Hunt and fellow security researcher Scott Helme, who were 10,000 miles apart, made a video showing how a Leaf’s features can be controlled from across the globe via vulnerable APIs.

“This API thing is just nuts,” Helme said. “It's not even like they just missed auth or didn't check, it's actually not implemented. It was built, intentionally, without security...”

Helme added:

Fortunately, the Nissan Leaf doesn't have features like remote unlock or remote start, like some vehicles from other manufacturers do, because that would be a disaster with what's been uncovered. Still, a malicious actor could cause a great deal of problems for owners of the Nissan Leaf. Being able to remotely turn on the AC for a car might not seem like a problem, but this could put a significant drain on the battery over a period of time as the attacker can keep activating it. It's much like being able to start the engine in a petrol car to run the AC, it's going to start consuming the fuel you have in the tank. If your car is parked on the drive overnight or at work for 10 hours and left running, you could have very little fuel left when you get back to it...You'd be stranded.

Helme’s privacy concerns revolve around the telematics system in the car leaking all of his historic driving data. He wrote, “That's the details of every trip I've ever made in the car including when I made it, how far I drove and even how efficiently I drove. This could easily be used to build up a profile of my driving habits, considering it goes back almost 2 years, and predict when I will be away from home. This kind of data should be collected and secured with the utmost respect for my privacy.”

Helme suggested disabling Nissan CarWings accounts and details the how-to in Hunt’s post. Hunt suggested, “The right thing to do at the moment would be for Nissan to turn it [app] off altogether.”

If Helme sounds familiar, it might be because less than two weeks ago he collaborated in research showing how VoIP phones with default passwords can be used for covert surveillance.

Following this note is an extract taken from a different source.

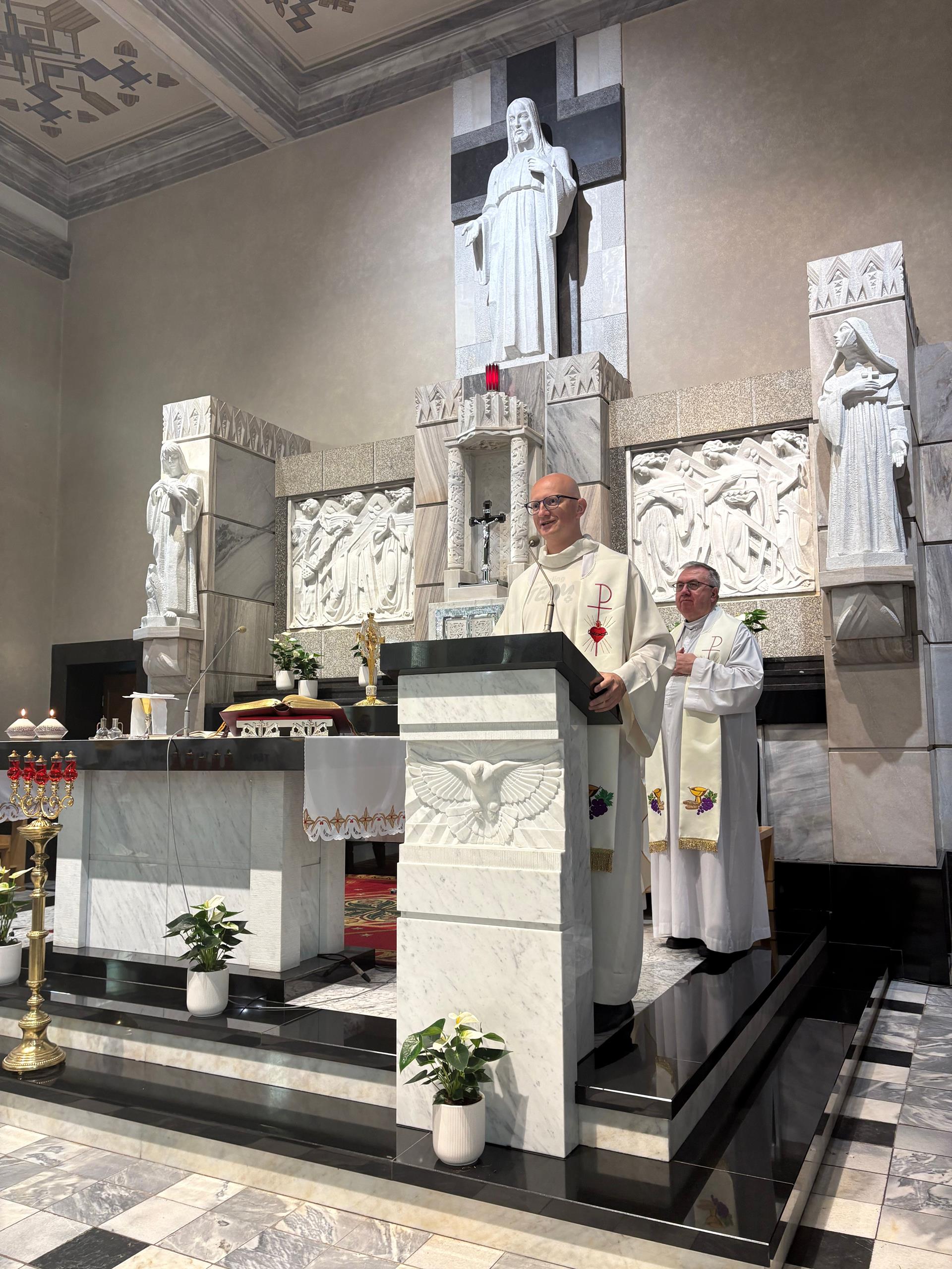 Naszą podróż rozpoczęliśmy od mszy świętej w sanktuarium Matki Bożej Płaszowskiej. Homilię wygłosił ksiądz proboszcz Sławomir Kamiński SCJ, a na drogę pobłogosławił nas ks. Włodzimierz Płatek SCJ, radny prowincjalny.

This time, after an accusation that the hackers “cocked up” Carwings and it would no longer work, Helme responded that he is a researcher and not a malicious hacker. He added, “The Climate Control and data leak aren't too bad, but imagine if I could remote unlock your car with just the VIN. You'd have a lot of fun with your insurance company proving that! Now that we've found it and told Nissan, they can fix it to protect you from the risk you were previously exposed to, just unaware of. Would you rather the risk be there and you simply didn't know about it?”

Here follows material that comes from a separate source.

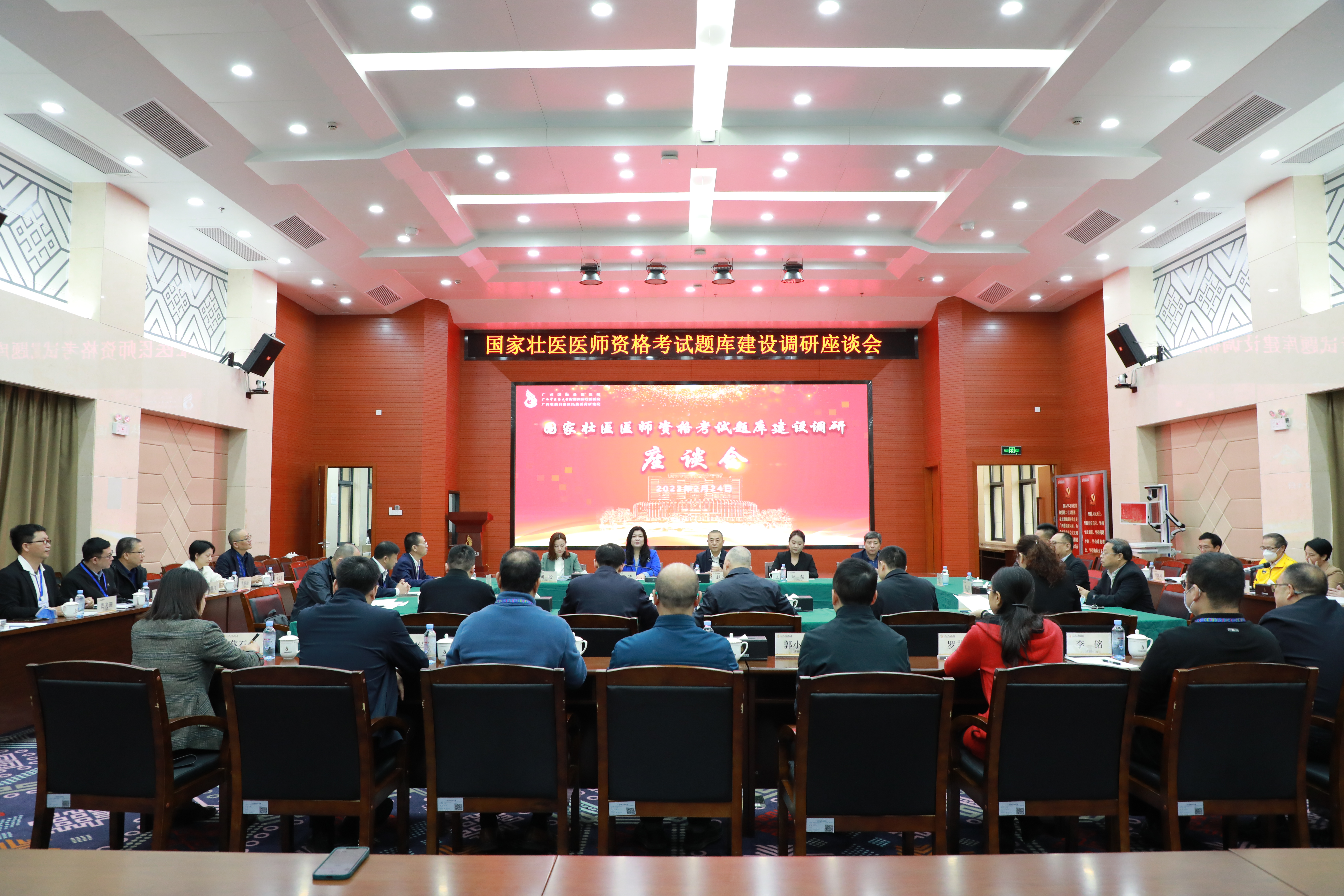座谈会上,黎甲文、自治区卫生健康人才与技术服务中心副主任闭闵、医院领导岳桂华,分别汇报了广西壮医药工作、广西考区壮医医师资格考试工作、壮医医师考试基地建设情况;壮医医师资格考试首席专家、命题组专家分别发言,围绕自身工作经历和壮医人才培养、考试题库建设工作和问题等方面展开探讨交流。

If someone does abuse your Leaf and you think you might complain to Nissan, then think again. Please note that Helme said according to the “your responsibilities” section of Carwings terms and conditions of use: “As between you and Nissan, you agree that you are solely responsible for any use of CARWINGS in your Electric Vehicle, even if you are not the one using it, and even if you later claim the use was not authorized.”